How mapmakers help indigenous people defend their lands - Thevet
https://www.nationalgeographic.com/culture/2018/10/indigenous-cultures-mapping-projects-reclaim-lands-columbus
======
smcmurtry
A similar thing happened in the last place I lived, a small town in the
Northwest Territories, Canada. The indigenous people in the area (called the
Tlicho) were able to take over some of the governance of their land from the
Canadian government, including mineral rights. It is a pretty significant
amount of land too, about 100km x 200km. To make the case they had to map
which land was included in their territory and demonstrate that their use of
it goes back a long time. So they sent out their elders and professional map
makers on canoe trips along their traditional hunting routes.

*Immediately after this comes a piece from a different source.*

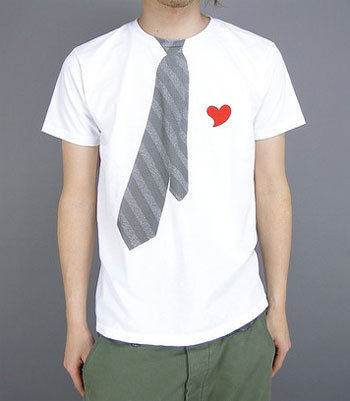 之前流行偽兩件式t-shirt style,偽吊帶式t-shir,今年夏天又可以好好偽裝一下了.Beams T推出這款領帶t,胸前的紅色愛心顯得有誠意多了?

The map makers
collected gps data and associated it with stories from the elders and
artifacts they found along the way, which built a compelling case for the land
claim.

------
ris
Tangentially related, the missing maps project
[http://www.missingmaps.org/](http://www.missingmaps.org/) is also working to
map communities whose populations have often never been represented on a map,
though in this case to help humanitarian organizations to access them.

------
veddox
Map making is quite a fascinating, and intricate business!

One tends to take maps for granted, but making a good one really does take
quite a bit of work. (And just imagine how it was before satellite imagery, or
even GPS...) For an interesting bit of cartographic history, read the story of
Ordnance Survey in the UK:
[https://www.ordnancesurvey.co.uk/about/overview/history.html](https://www.ordnancesurvey.co.uk/about/overview/history.html)